We are not concerned with the provisions of the Ohio statute relating to preferences (General Code, §§ 11104, 11105), a statute which provides a different test of liability from that of § 60[1] of the Federal Act pursuant to which the recovery was had. (209 Fed. Rep. 331, 332.) The sole question presented for the consideration of this court is whether the deed executed by the bankrupt was one which was `required' to be recorded within the meaning of this section. If it was not, there could be no recovery of the property under § 60, as the deed was *433 executed and delivered more than four months before the petition in bankruptcy was filed. If the deed was required to be recorded in the sense of the statute, it is clear that the trustee was entitled to recover, as the recording was within the four months' period and the other conditions of recovery were satisfied.

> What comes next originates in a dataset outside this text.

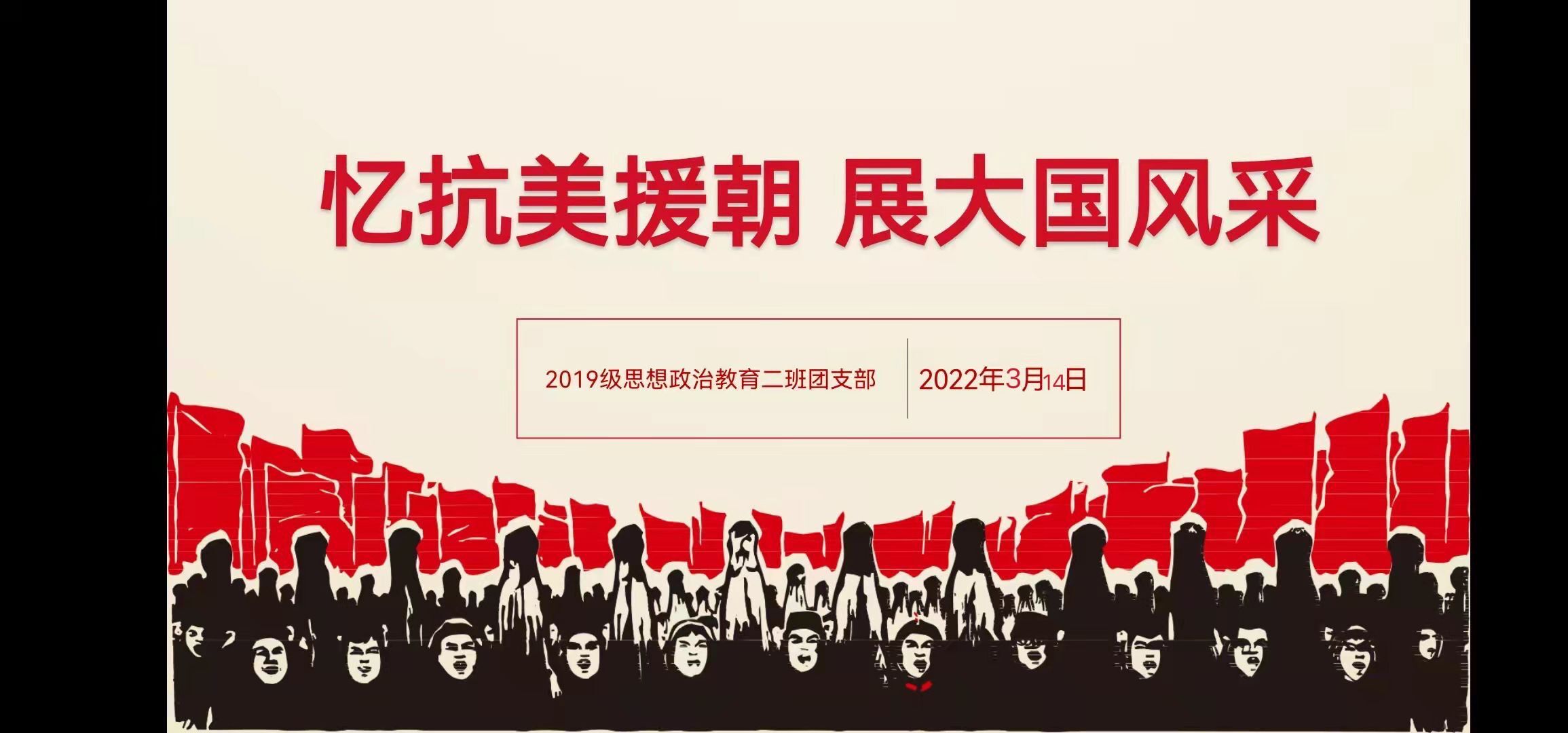 为缅怀革命先烈,弘扬民族精神,加强团员青年爱国主义教育,厚植爱国主义情怀,3月14日上午,世俱杯官网2019级思想政治教育二班在腾讯会议召开“忆抗美援朝,展大国风采”网上主题团课。2019级思想政治教育二班全体成员共同参会。会议由团支书孙雅娴主持。

The provision for the recording of the deed is found in § 8543 of the General Code of Ohio, which follows the requirement for the recording of mortgages and powers of attorney. The section reads:
"Section 8543. All other deeds and instruments of writing for the conveyance or encumbrance of lands, tenements or hereditaments executed agreeably to the provisions of this chapter shall be recorded in the office of the recorder of the county in which the premises are situated, and until so recorded or filed for record, they shall be deemed fraudulent so far as relates to a subsequent bona fide purchaser having, at the time of the purchase, no knowledge of the existence of such former deed or instrument."
Referring to this section, the Supreme Court of Ohio said in Dow v. Union National Bank, 87 Oh. St. 173, 181: "This provision of the statute must be accepted as exclusively defining the consequences which follow a failure to file a deed for record, and there being mere neglect, unaccompanied by any fraudulent conduct or representation on the part of the grantee, no right can accrue to anyone other than such bona fide purchaser." Accordingly, it was held that the mere failure to record a deed did not render it invalid as to creditors of the grantor although they became such on the faith of his representation that he was still the owner of the property conveyed. This decision applied the ruling in Wright v. Franklin Bank, 59 Oh. St. 80, 92, 93, where it was said: "Lands held by a properly executed, but unrecorded deed, are also free from the debts of the grantor, whether attempted *434 to be reached in an assignment for the benefit of creditors made by him, or upon an attachment, judgment or execution against him. The title under such a deed is good as against everything except a subsequent bona fide purchaser without notice. . . . Mortgages so executed, whether on an estate in real property or on only an interest therein, take effect from the time of the delivery to the recorder, and deeds so executed, conveying the estate or only an interest therein, that is, an equity, take effect from delivery, except as against subsequent bona fide purchasers without notice, and as against such the deed must be also recorded." In the present case, the Court of Appeals was satisfied that in equity the instrument (which was absolute in form) should be treated as a mortgage, but the court did not think this to be important because of the holding of the Ohio court that an instrument in this form, "unlike a legal mortgage, operates upon delivery to transfer title and so is required to be recorded as a deed." 209 Fed. Rep. 334, 335; Kemper v. Campbell, 44 Oh. St. 210, 218; Wright v. Franklin Bank, 59 Oh. St. 95; Cole v. Merchants' National Bank, 15 Ohio C.C. Rep. (N.S.) 315, 347.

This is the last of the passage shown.